Text and Interview: Alec Coiro
Photos Courtesy of Eric Firestone Gallery and Henry Chalfant
The train-length graffiti piece on an 80s-era subway car will be to New York what the coliseum is to the Rome: a symbol of a society at its cultural peak. While I suppose that one can hope that New York’s cultural peak is still off in the future, it’s still pretty easy to imagine a history of NYC being published in the next century that uses one of Henry Chalfant’s photos for its cover.
Present at the beginning and the end of an artistic era, Chalfant witnessed the entire living movement and was close with all of the key artists who comprised it. Consequently, his opinions and perspective on 1980s graffiti are both indispensable and numerous, and he shares more than a few of them with Ravelin. He doesn’t pull punches on the effect of subway cleanup on the art form and provides a unique sense on what it was like to be a part of B-boy culture as it was emerging. he more you delve into what the issues were in the 1980s, the clearer it becomes how pertinent the lessons of that time are to the present day.
The more you delve into what the issues were in the 1980s, the clearer it becomes how pertinent the lessons of that time are to the present day.
Was there a sense at the time these photos were taken that you were in the midst of an art form’s heyday, or was that something that became apparent more in retrospect?
In 1980, we were excited about the flourishing art on the trains and knew it had never been better. We were also pleased that people (journalists, art world people) were paying attention. But we had no idea how far it might go. A couple of years later it was clear that it was going downhill on the trains, thanks to the buff and the cross-out wars. But we had an awareness of graffiti’s growing international presence and impact. I quote Mare 139, who said in hindsight, “we may have lost the trains, but we gained the world”.
How did you achieve the wide-frame, “full train” photos? Was it time intensive, and did you have to get into the train yards to take them? I imagine if you did, your process would have had a lot in common with the graffiti writers whose work you were photographing.
My method, responding to the limitations on access, was to shoot from one station platform the art as the train bearing it paused on the opposite platform. This resulted in a uniformity of format or frame, that was actually beneficial, in the way it highlighted the painting itself. I could never have been able to shoot the trains in broad daylight in the yards. The only time I went into the yards was to shoot while the artists were painting at night. And then, yes, you have everything in common with them, by trespassing.

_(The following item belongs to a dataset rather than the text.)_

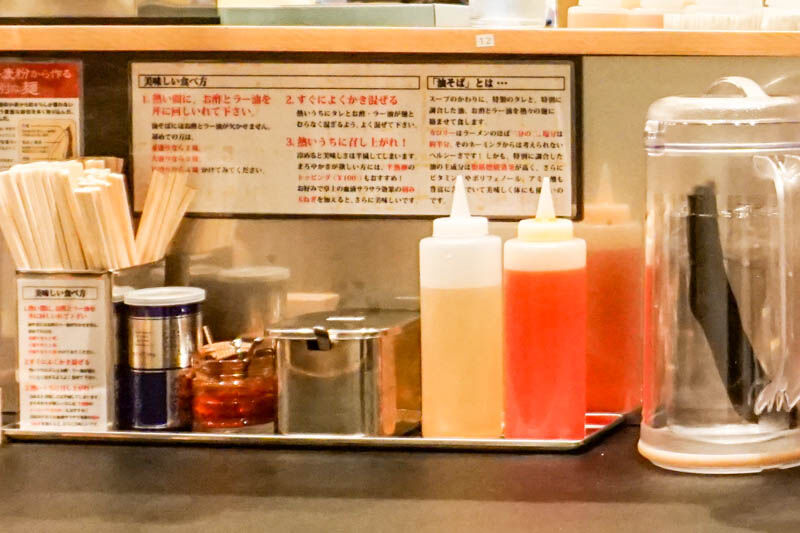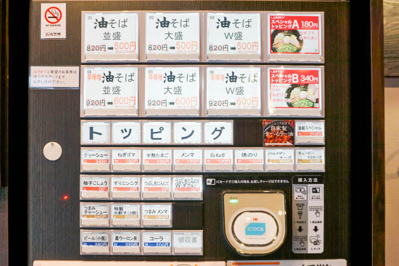 メニューは、「油そば」と「辛味噌油そば」に好みでトッピングを追加していく形式のよう。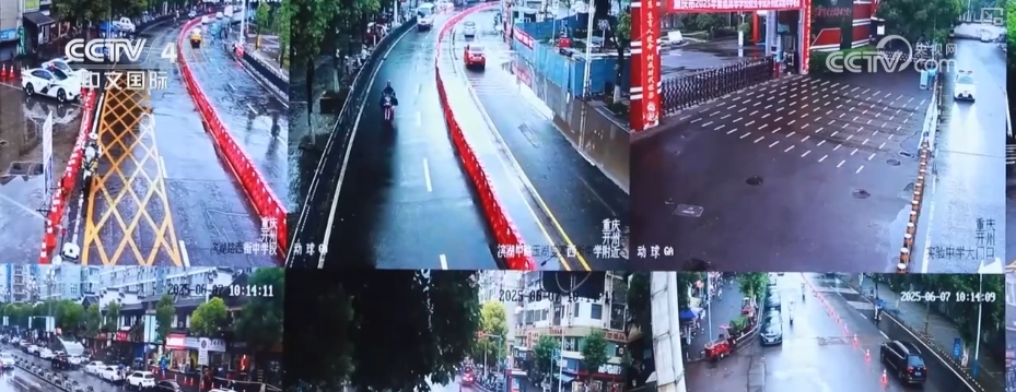 在山東淄博主城區(qū),各考點周圍利用無人機(jī)進(jìn)行高空道路巡檢,最大限度確保道路暢通,并設(shè)置“學(xué)生專用通道”,確??忌樌M(jìn)入考場。

Do you still follow NYC graffiti writing?
No.
How important were the subway cars to the graffiti culture, and how big of an impact on the culture was it when the cars were “cleaned up.”
Subway cars were all-important to graffiti culture. They were the canvas, the train network was the medium which empowered the community gathering at the various “writers’ benches” in the city. Cleaning them up, so that no one could see the art destroyed the community.
What inspired your shift from sculpture to your photographic work?
Initially shooting the trains was simply a lot of fun, a leisure sport like hunting. Later I understood it to be a real contribution that I was able to make by preserving hundreds of ephemeral works of art. I don’t think I could have had as great an impact through my sculpture.
How encompassing was B-boy culture at the time? Did you have a sense of how conscious the graffiti writers were of being part of a larger B-boy culture.
I took pictures of graffiti for years without knowing of the existence of Bboy culture. It was local, not visible beyond neighborhood playgrounds and jams. When I became aware of it, Rocking was another element of a thriving street culture. But not in all neighborhoods. Initially Black and Puerto Rican kids were involved, excluding the white kids in other neighborhoods who wrote graffiti but who listened to rock and heavy metal, not rap. The media in the early eighties referred to the “4 elements of hip hop”, giving rise to the view that there was one all-encompassing culture, but it was more complex than that. Older cats who wrote, listened to r&b and jazz, predated hip hop, while gang members sometimes challenged each other to mediate disputes with uprock battles.
The iconic documentary Style Wars that you helped produce dealt with the tension between graffiti writers and what would come to be called “broken windows” policing. After the death of Eric Garner, these issues seems to be back in our cultural discourse. What lessons from the 80s should we be mindful of today?
The punitive powers of the state are now so severe, and the enforcers often so brutal and efficient that citizens are afraid of their own government. The brutality is not new, but ubiquity of cameras in the hands of citizens has exposed it, which may foster more intelligent policing. Broken windows” is simply a theory, now discredited. Defacing walls is now a felony in New York. How absurd to ruin the life of an 18 year old for writing on a wall. LEE got it right painting the message, “stop real crime” back in 1978.